Tıp Bilimi Yardım Edebilir mi?
Science dergisi şunu belirtiyor: “[Amerika Birleşik Devletlerinde] doğumdaki ölümler dahil ortalama insan ömrü 1900’de 47 yıl iken 1988’de yaklaşık 75 yıla yükselmiştir.” Bebek ölümü oranının daha iyi bakım ve beslenme yoluyla düşürülmesi sonucunda, Amerika Birleşik Devletlerindeki insanlar şimdi aşağı yukarı Musa’nın söylediği kadar uzun yaşamayı bekleyebilirler. Bununla birlikte, insanların çoğunun yaşam süresini önemli ölçüde uzatma yönünde bir beklenti var mı?
Yaşlanma konusunda önde gelen bir otorite olan Leonard Hayflick, How and Why We Age adlı kitabında önemli bir noktaya değindi: “Bu yüzyılda gerçekleşen biyomedikal araştırmalardaki ilerleme ve geliştirilmiş tıbbi bakımının uygulanması, insan ömrünün uzunluğunu mutlaka etkilemiştir; ancak bu, sadece daha çok sayıda kişiyi, insanın yaşam süresinin sabit üst sınırına yaklaştırmayı sağlamakla oluyor.” Böylece, Hayflick şu açıklamada bulundu: “Ortalama ömür yükseldi, fakat yaşam süresi değişmedi; bu fark çok önemlidir.”
İnsanın yaşam süresinin “sabit üst sınırı” nedir? Bazıları, son zamanlarda 115 yaşını geçen birinin varlığının kesinlik kazanmadığını söylüyor. Oysa, Science dergisi şöyle yazıyor: “1990’dan bu yana, herhangi bir bireyin ulaştığı, doğrulanmış azami yaş sınırı 120 yıldan biraz fazladır.” Bu yılın ilk aylarında, Fransa sağlık bakanı pek çok muhabir ve fotoğrafçıyla birlikte Arles (Fransa) doğumlu Jeanne Calment’i 120. doğum gününde ziyaret etti. Musa da ortalamanın çok üzerinde, 120 yıl yaşadı.—Tesniye 34:7.

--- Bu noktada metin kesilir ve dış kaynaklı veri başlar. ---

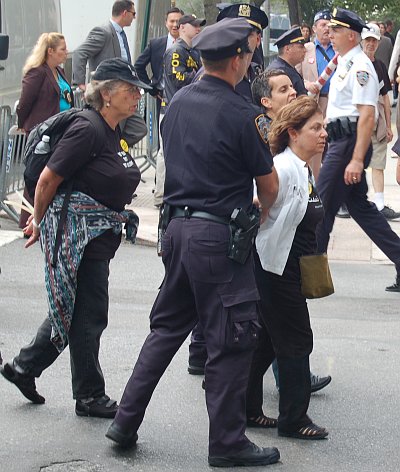 After the arrest of Rice and Millard, the remaining protesters formed a line in front of the barricades and began chanting: “Arrest Bush, torture is illegal…” and “Bush is a war criminal, we will not be silent”. Police sealed the area - pushing press into pens - and brought in vans and uniforms armed with flex cuffs. NYPD Lt. Wolf issued an order to disperse through a bullhorn and then ordered the arrest of the 13 nonviolent activists. The 13 arrested in the second wave of arrests were all processed at Midtown North (on 54th Street) were they were charged with disorderly conduct and given DATs (desk appearance tickets). They will be arraigned on October 17th at 100 Centre Street. Ironically, this is the anniversary of the Times Square Recruiting Center arrest of the Granny Peace Brigade - a case they ultimately won.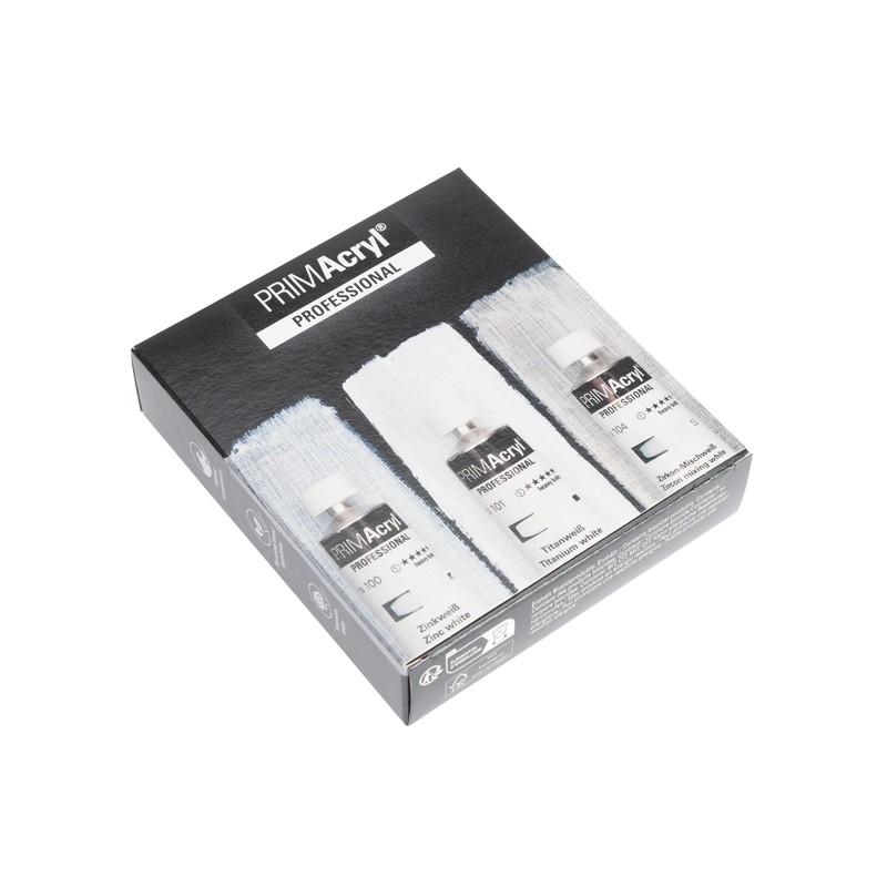 Schmincke - PRIMAcryl Professional® Finest Premium Acrylic Paints, Special Set White Tones, 3 x 35 ml, 73731097, Cardboard Set, Highest Pigmentation, Brilliance, Yield, Microplastic-free Paint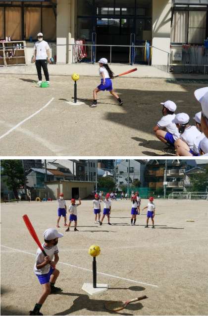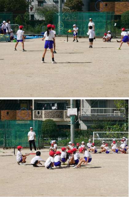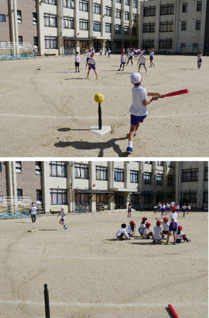運動場で、3年生がボールをバットでうつゲームをしています。みんなで楽しくできるるルールを守って運動しています。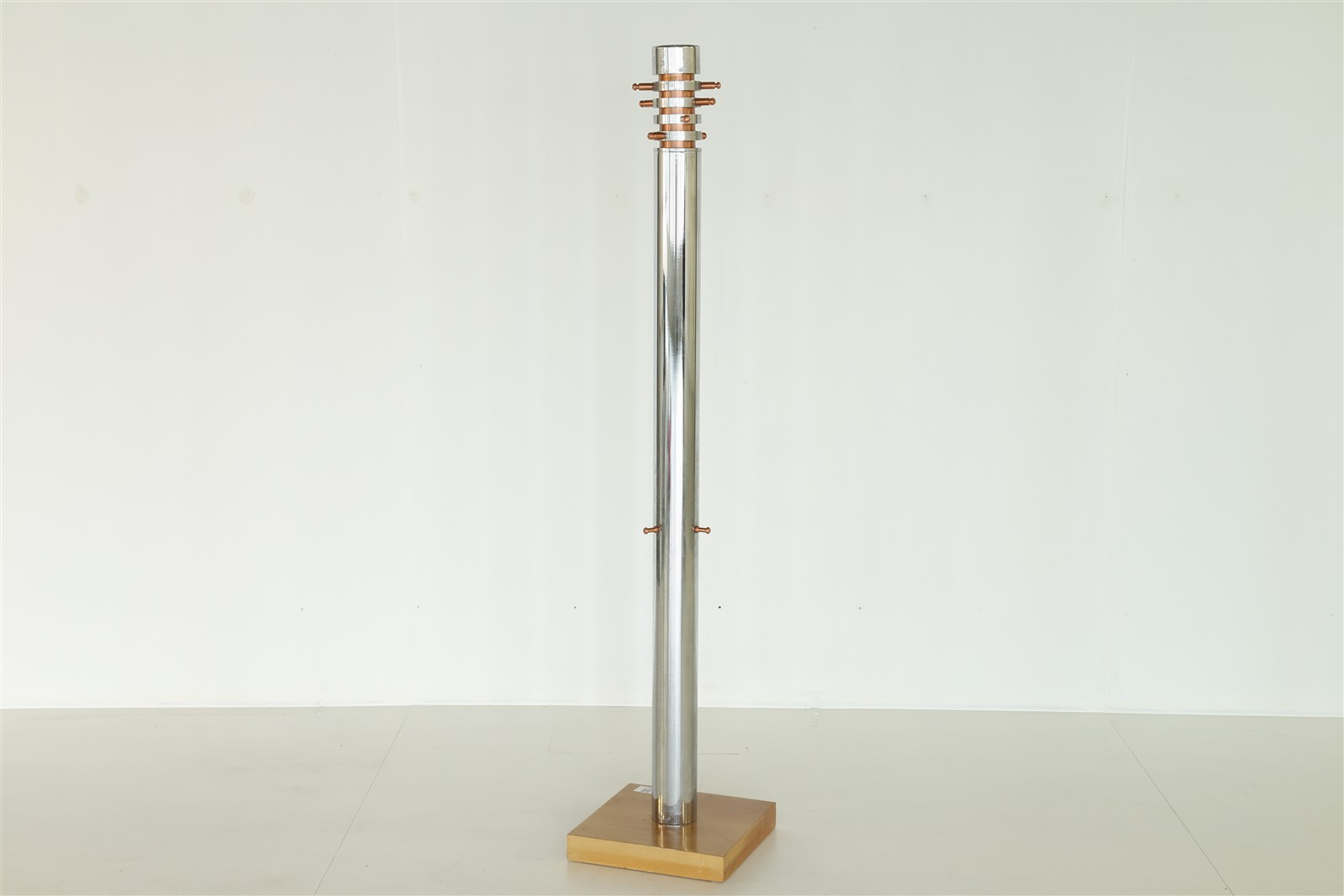 MANIFATTURA DEL XX SECOLO Appendi abiti. Acciaio, legno, rame. Cm 36,00 x 172,00. Anni '70.
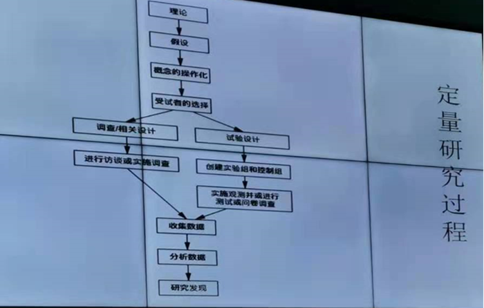 秦晓晴教授在讲座中首先澄清了定量研究中的一个关键问题,即定量研究必须要进行“假设检验”,没有“假设检验”的定量研究是不存在的。然而目前第二语言和外语教学领域部分“定量”研究,只展示频率、百分比等数值,并未进行假设检验,也不明确各变量及其之间的关系。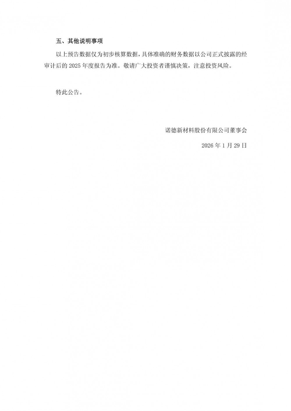 1月28日,诺德股份发布2025年年度业绩预告公告。预计2025年度实现归属于上市公司股东的净利润-26,000万元左右,与上年同期(法定披露数据)相比,亏损金额同比收窄26.07%左右。预计2025年度实现归属于上市公司股东的扣除非经常性损益后的净利润-17,500万元左右。
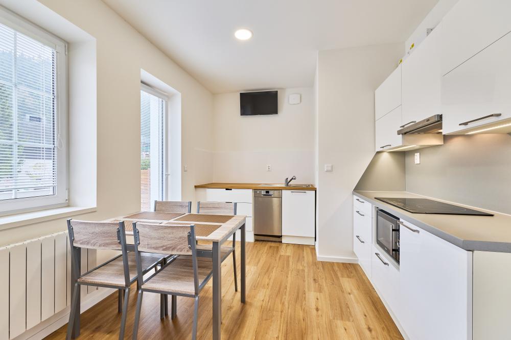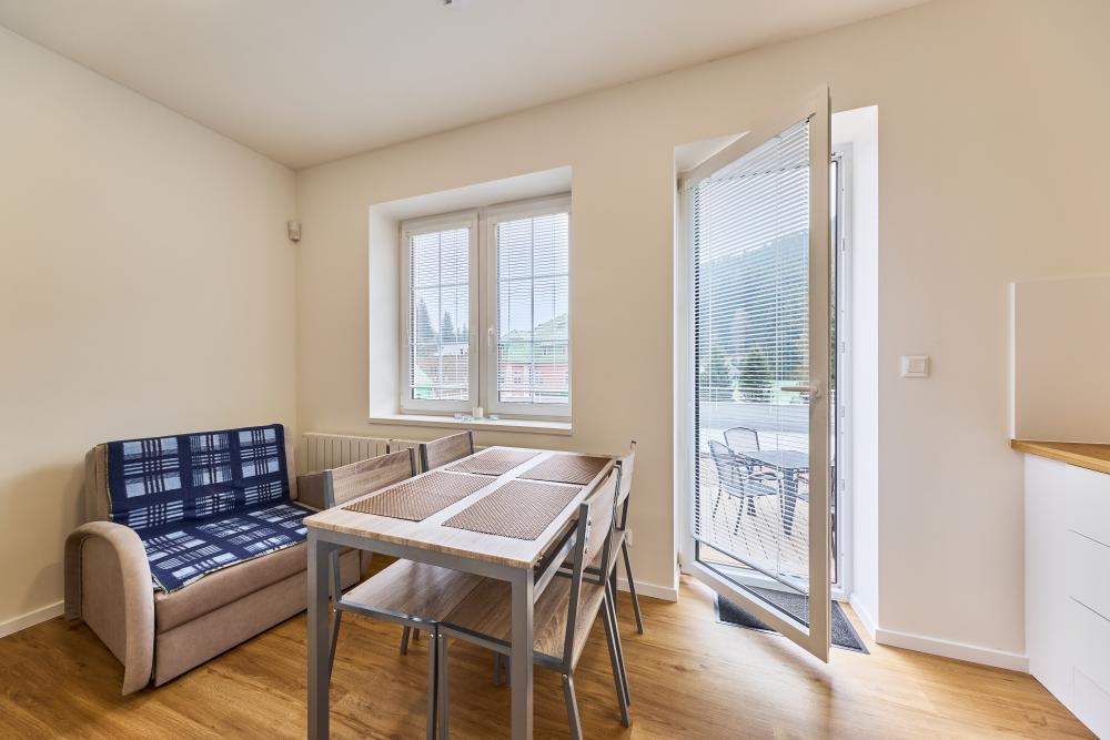 Kuchyně s jídelním koutem, posezením a se vstupem na terasu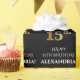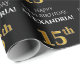 15th Birthday: Elegant, Black, Faux Gold Look Wrapping Paper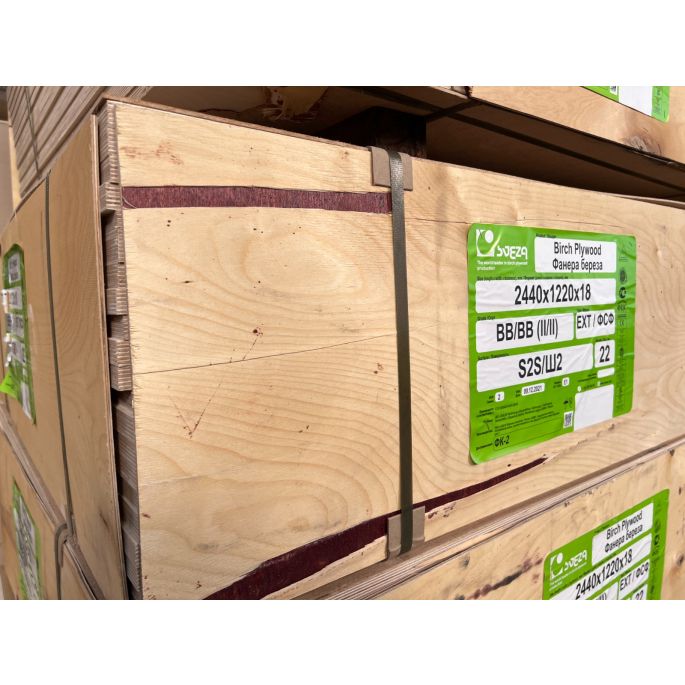 Voordelig per pak te bestellen: 18mm berken multiplex, kwaliteit BB/BB onbehandeld in formaat 244x122cm.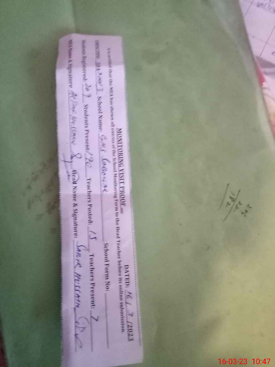 | Attendance Register | Head Teacher | MEA with School | Visit Proof |

Bilim adamları insanların genel olarak bu kadar veya daha uzun yaşayabilecekleri konusunda ümit veriyorlar mı? Hayır, çoğu böyle bir ümit vermiyor. Detroit News gazetesi şu manşeti kullandı: “Araştırmacılar Ortalama Yaşam Süresinin Üst Sınırının 85 Olabileceğini Söylüyorlar.” Makalede yaşlanma konusunda otorite olarak kabul edilen S. Jay Olshansky şöyle dedi: “İnsanlar 85 yaşını aştıklarında, çeşitli organlarda aynı anda görülen yetmezlikten de ölüyorlar. Soluk alıp verme bitiyor. Aslında yaşlılıktan ölüyorlar. Bunun çaresi de yoktur.” Şunları ekledi: “İnsanların yaşlanmasını moleküler düzeyde tersine çevirmenin dışında, ortalama ömürde çarpıcı bir yükseliş devri artık kapanmıştır.”
Science dergisine göre belki de “ömür uzunluğunun üst sınırına zaten yaklaşılmıştır ve büyük olasılıkla ölüm oranında artık önemli düşüşler kaydedilmeyecektir.” Söylenenlere göre, ölüm kayıtlarında belirtilen ölüm nedenlerinin hepsi ortadan kaldırılsa bile, ortalama ömür uzunluğundaki artış 20 yıldan az olacaktır.
Böylece, birçok bilim adamı insanın yaşam süresinin uzunluğunu ne garip buluyor ne de değişebileceğini düşünüyor. O halde, insanların sonunda çok daha uzun yaşayacaklarına inanmak mantıklı mıdır?